Goldman scaling back second infrastructure fund-sources
AMSTERDAM - Goldman Sachs Group has cut the $7.5 billion fundraising target for its second infrastructure fund by more than half after failing to secure enough commitments, people familiar with the matter said.
The investment bank has been seeking money for the fund, dubbed Goldman Sachs Infrastructure Partners II, for two years and is working towards final close having reached the time limit allowed under its private placement rules, sources said.
A Goldman Sachs spokeswoman declined to comment.
Global infrastructure fundraising dropped by more than half in 2009 from 2008 as investors moved into more liquid assets. At the same time, increased competition for investors' money has exerted pressure on fees.
Goldman has had to try to explain to its limited partners where the deals will be coming from, said a source at a Dutch pension fund, speaking on condition of anonymity because details of the fundraising are private.
A second source added that, in order to placate concerns, the fund had suggested that a management fee would only start accruing after the fund has clinched a deal.
The number of infrastructure deals completed by unlisted infrastructure funds like this one dropped in 2009 to the lowest level since 2005 as fewer, more expensive assets came to the market, and debt financing became harder to secure.
The second fund has a mandate to invest in transport infrastructure, such as toll roads, airports and ports, as well as regulated assets in the gas, water and power sectors in North America and Europe.
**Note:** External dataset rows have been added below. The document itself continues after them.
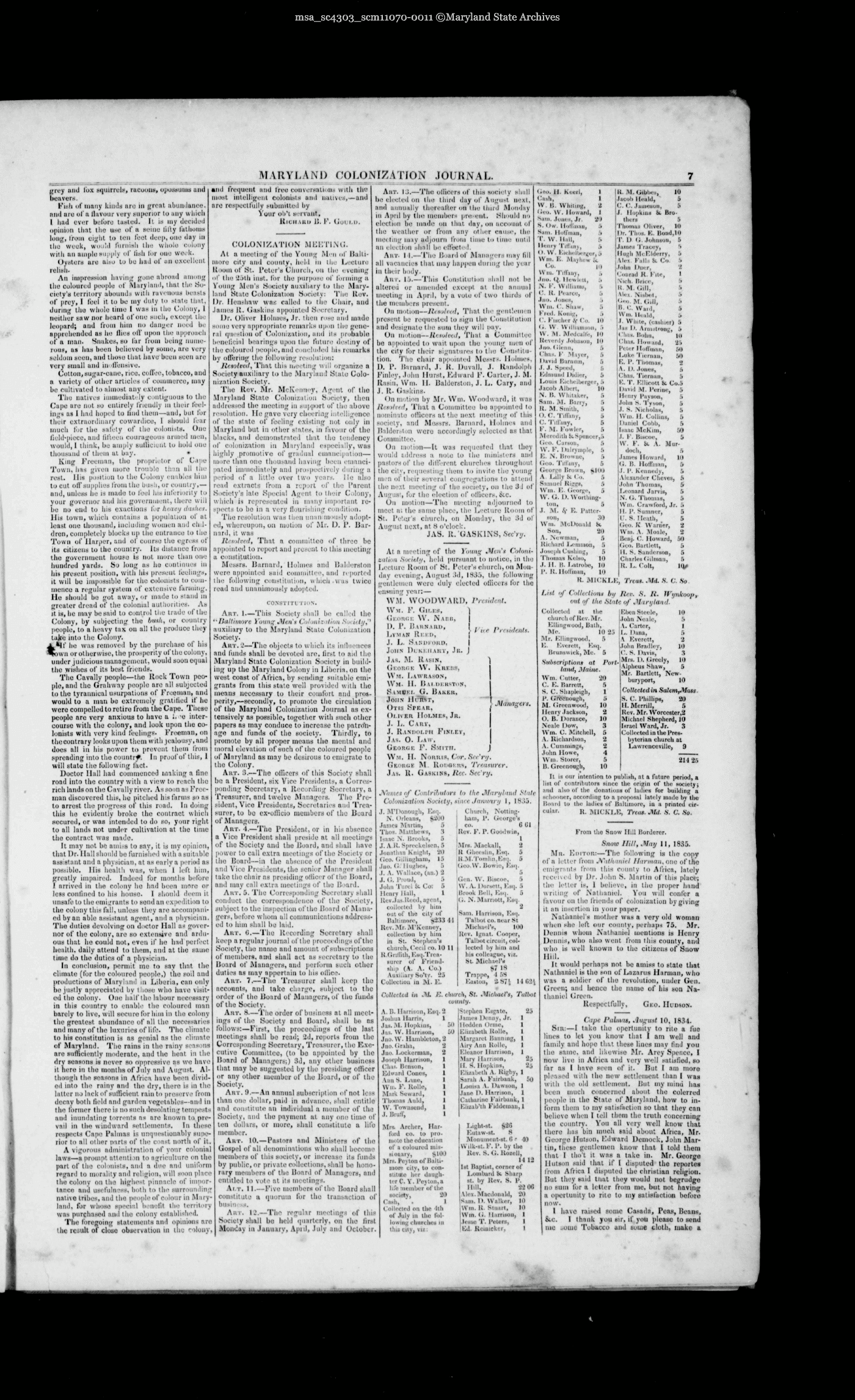 Maryland State Archives Maryland Colonization Journal Collection MSA SC 4303 msa_sc4303_scm11070-0011 Enlarge and print image (4M)      |
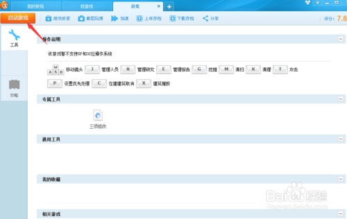 點盒子主頁的游戲圖標(biāo)后,會進(jìn)入游戲管理界面。要啟動游戲的話,點左上角的啟動游戲程序即可。在這個頁面還會提供相關(guān)的服務(wù),例如點游戲修復(fù),會檢測并且下載運行庫,游戲加速,云存檔等功能。游戲操作也會提示
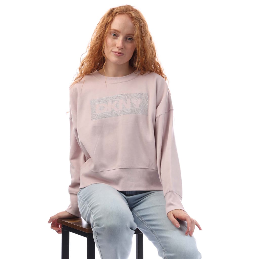 Womens DKNY Rhinestone Crosswalk Crew Sweatshirt in white / pink.
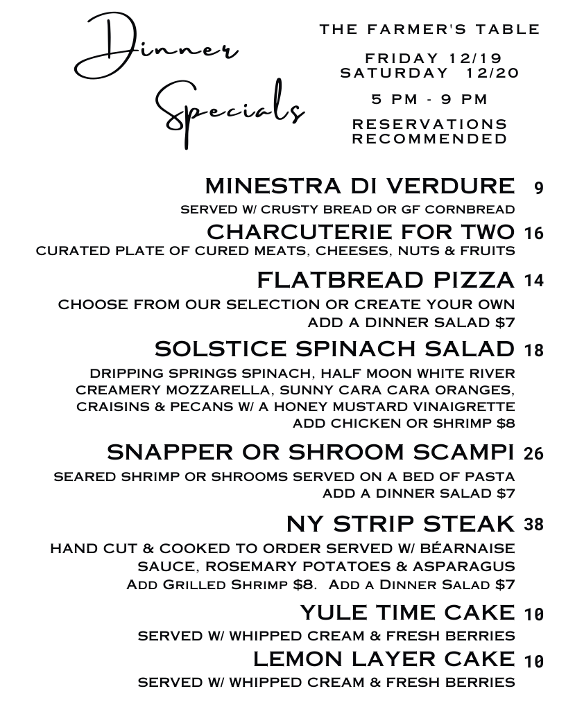 closed for dinner saturday 12/ 5 & 6 for a private event
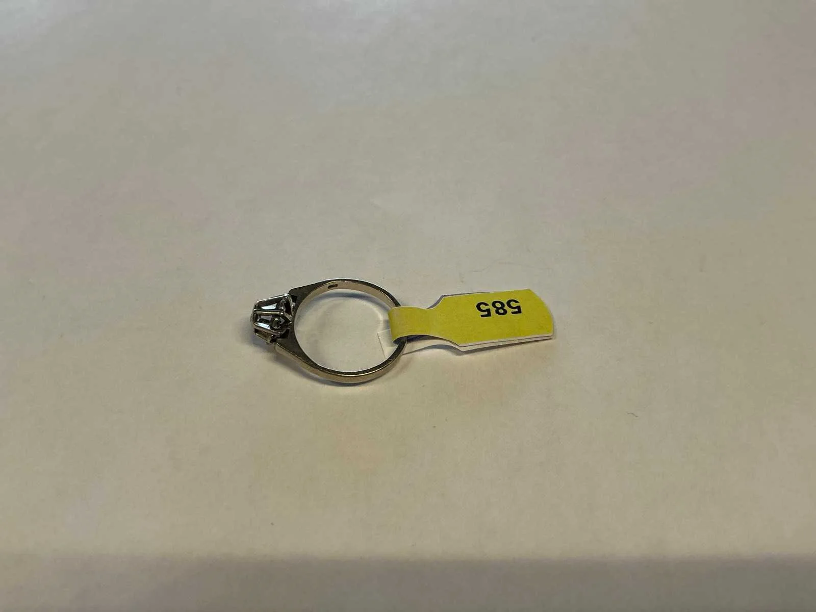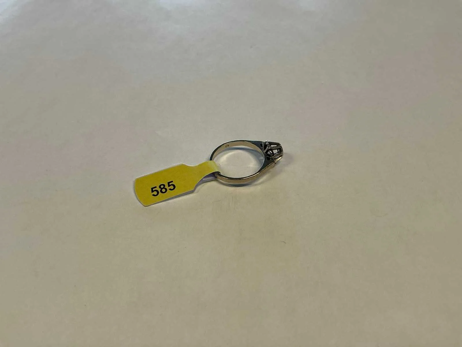 Een 14 karaats (585/000) witgouden ring, bezet met een kleine briljant geslepen diamant. Bruto gewicht: 2,0 gram. Product type: 14 krt witgouden
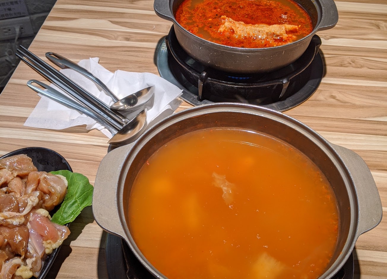 點了麻辣湯底味道還不錯,朋友點泡菜覺得普普,口味部分就見仁見智,但光是等菜盤就等了半小時,白飯碗也沒給,如果不提醒服務生真的不知道要等多久,比我晚入桌的客人食材都上齊了,我還是只有湯底。
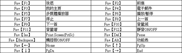▼Fn組合鍵及多媒體快捷鍵操作說明:
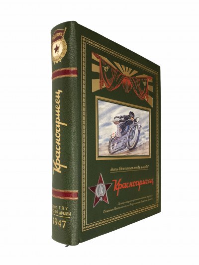 В цельнокожаном переплете ручной работы с тиснением золотом и иллюстрацией на передней крышке. Цветные иллюстрированные обложки сохранены в переплете. Красный обрез.
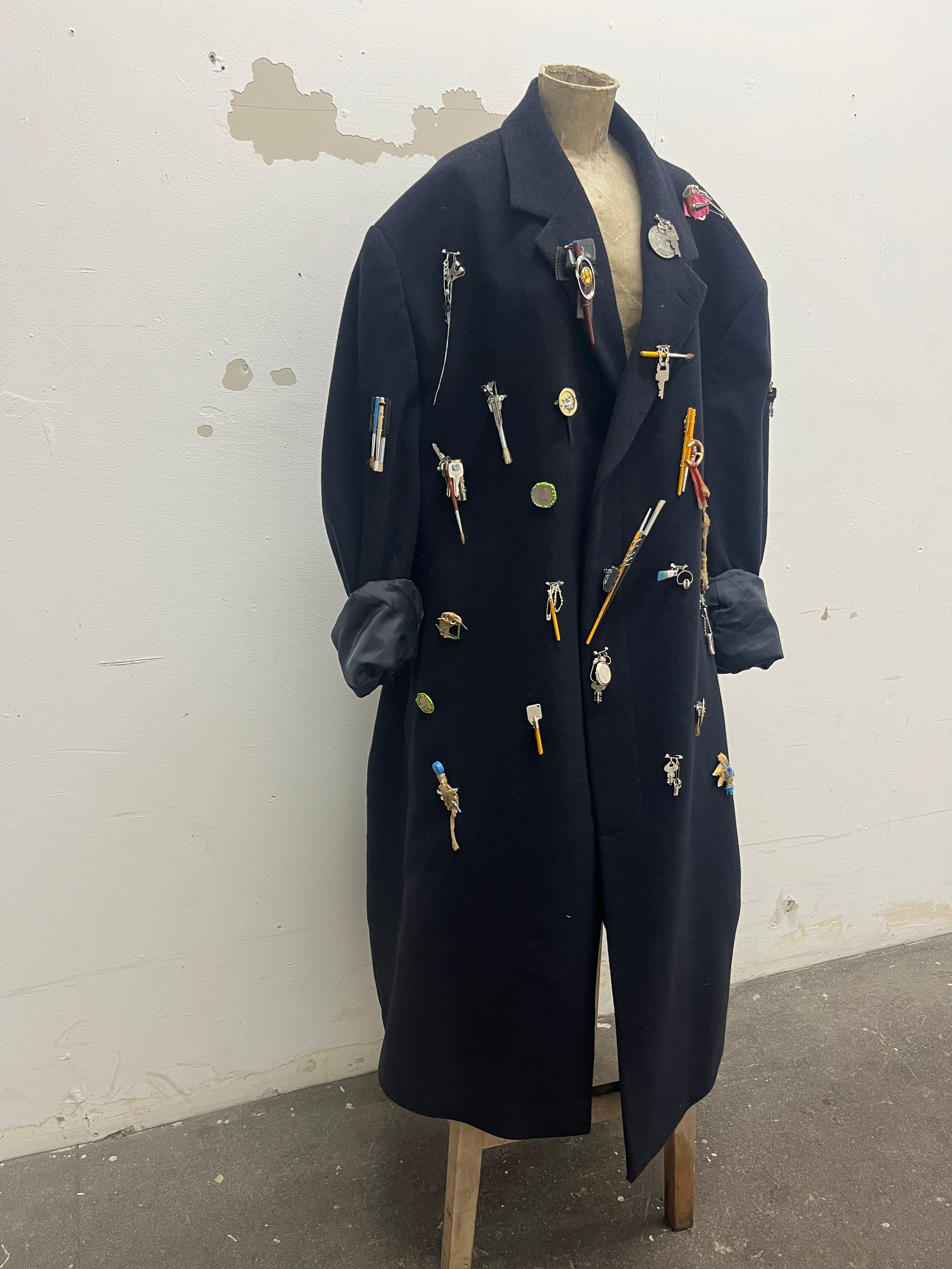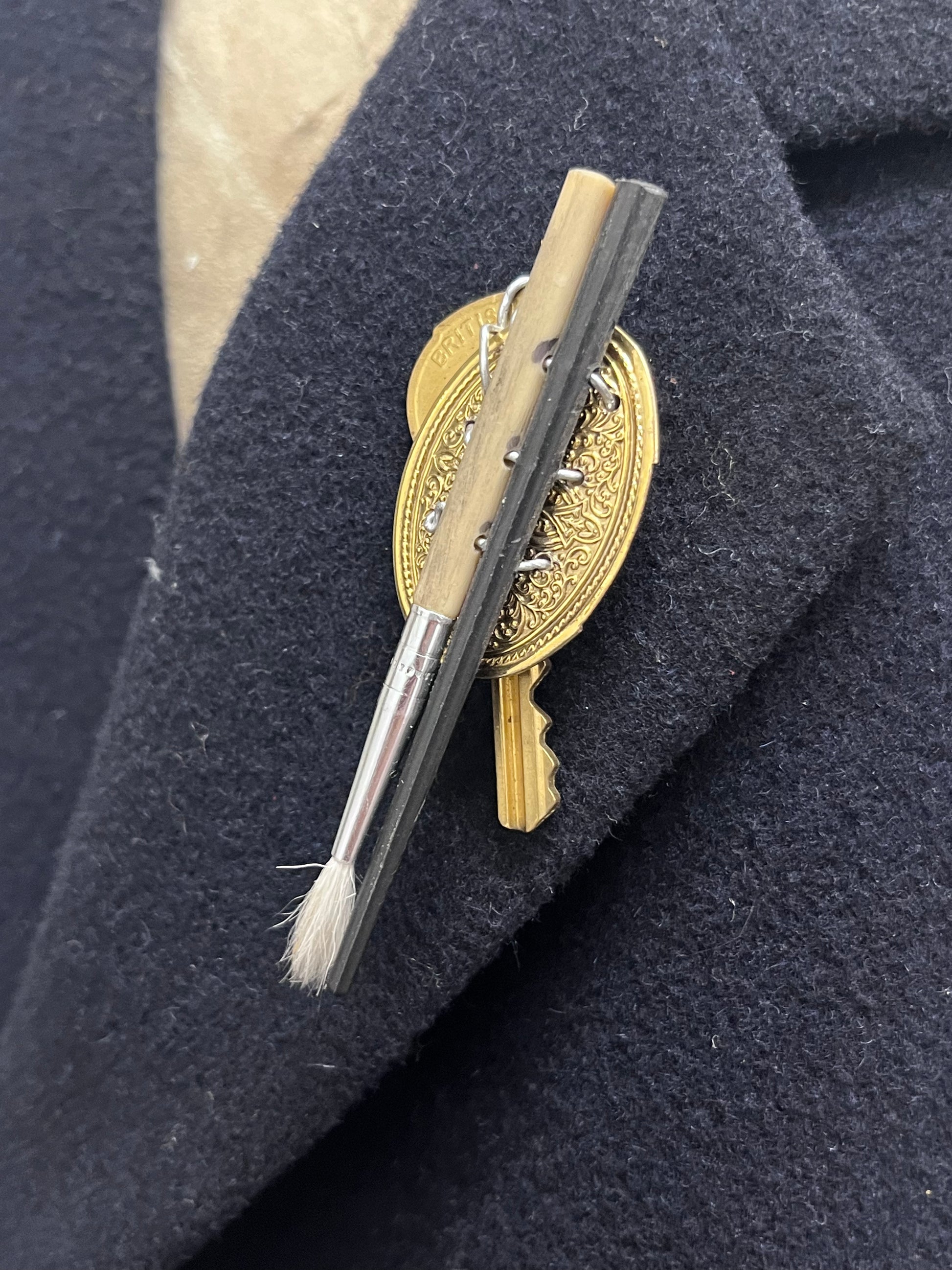 Small sculptural assemblage objects made wearable with brooch pin on the back. Sometimes disassembling objects, otherwise using and appreciating their natural form and discovering the ways in which they can be assembled to each other.
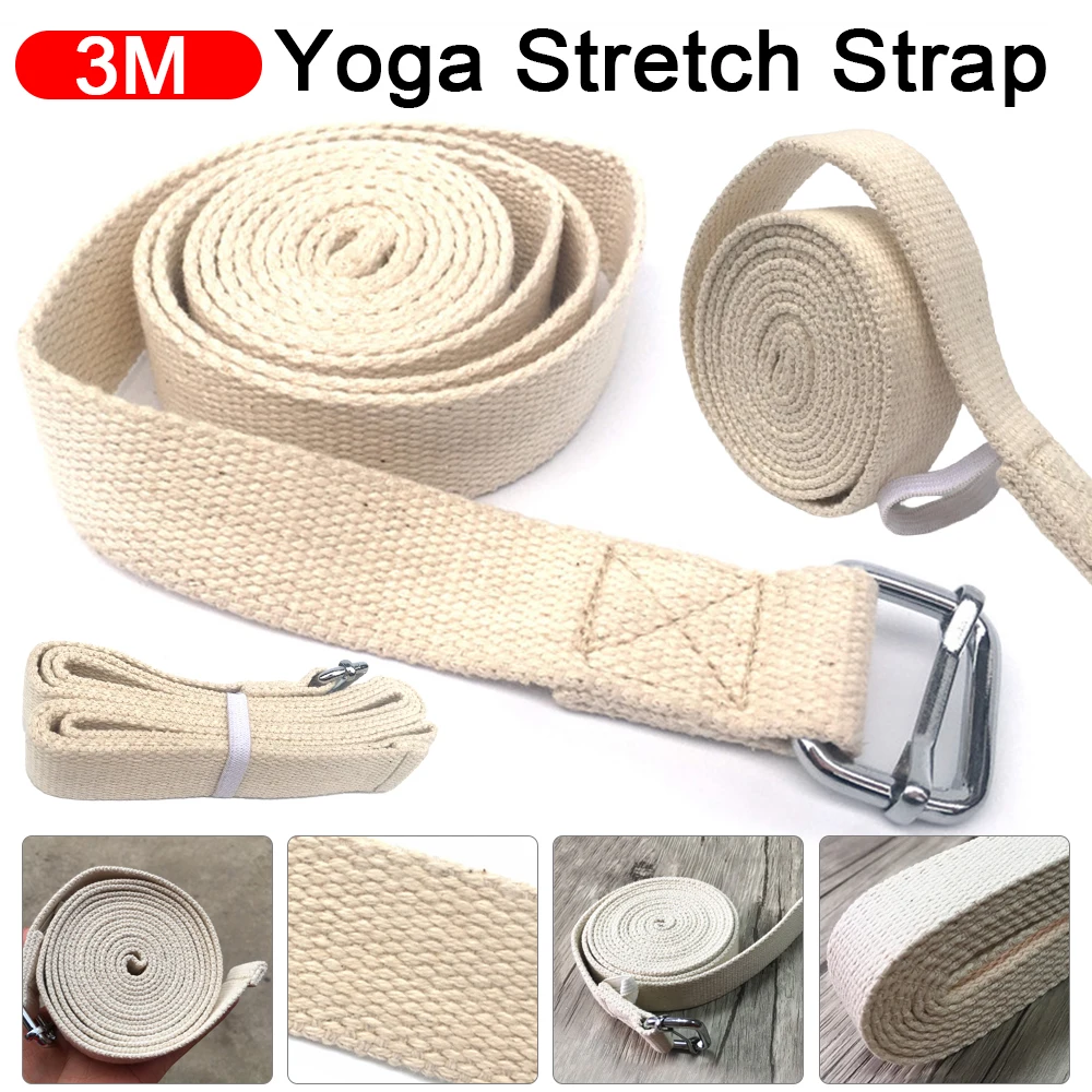 Cinghia Yoga Stretch 3m con D-Ring Regolabile in Cotone per Fitness e Esercizi di Resistenza per Vita e Gambe straps
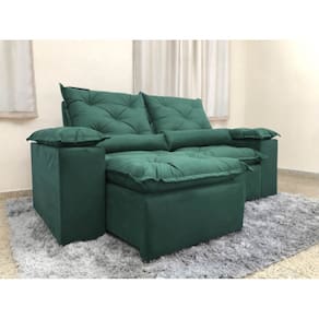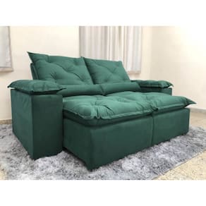 Sofá Retrátil e Reclinável 2,00m em Tecido Veludão C/ Pillow nos Braços Athenas - Montagem Inclusa - Verde
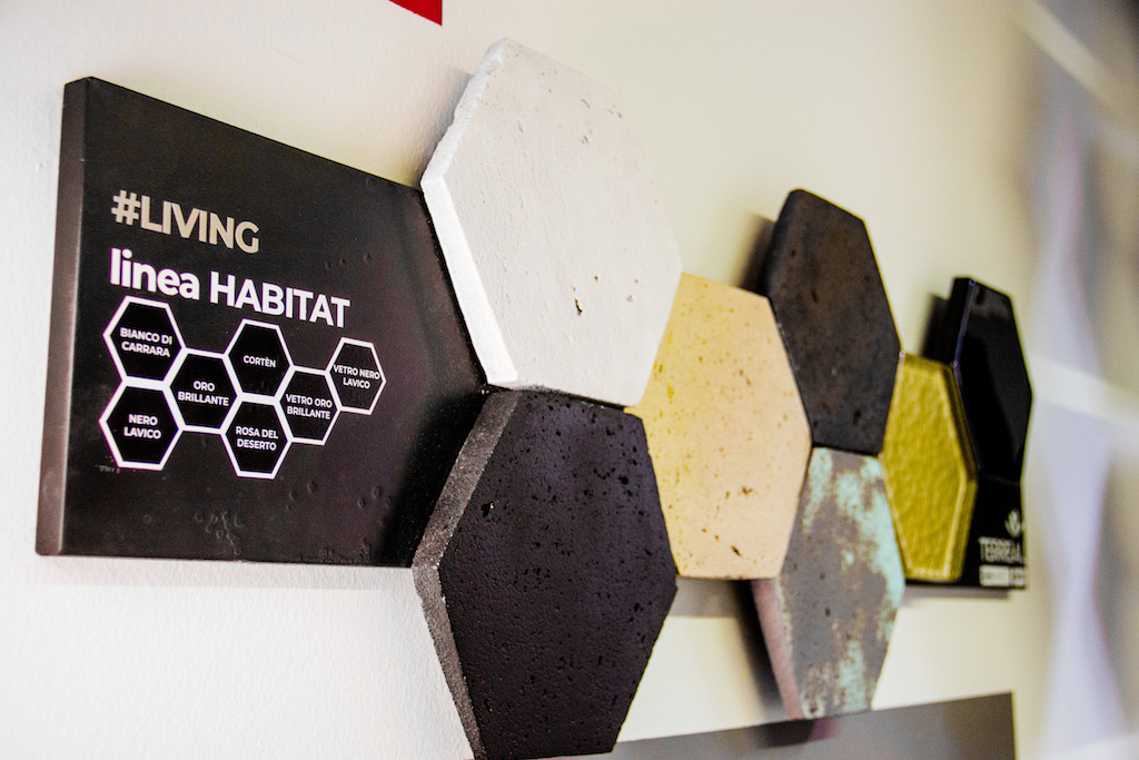«I Listelli Habitat si ricavano dal taglio del mattone, per far emergere la struttura interna della terracotta contraddistinta da micro-medio e macro porosità, cavità e da irregolarità tipiche del laterizio a pasta molle, tuttavia Il concept di questa linea prevede di poter aderire ad ogni altro tipo di formato, anche allontanandosi dalla geometria tipica del “formato mattone” ed approdando a forme libere, esagonali, circolari o mosaici. Posso qui anticipare che nell’ultima parte dell’anno lanceremo una nuova linea di forme esagonali in terracotta colorata, dopo il successo di una installazione allo scorso Fuorisalone di Milano».

It is aimed at large institutional investors such as insurance companies and pension funds with commitments in the 10s of millions of dollar.
It has been actively scouring Europe for deals, making attempts to acquire the power grids of E.ON and Vattenfall that went up for sale in Germany as well as Veolia's British water unit.
Goldman's first $6.5 billion infrastructure fund closed in 2006 and owns stakes in Associated British Ports, US port operator Carrix, Texan utility TXU -- now Energy Future Holdings -- and Mexican toll roads.
Infrastructure has emerged as a distinct asset class in recent years, with banks such as JPMorgan , Citi , Macquarie and Morgan Stanley , and buyout firms such as KKR and Blackstone sponsoring funds.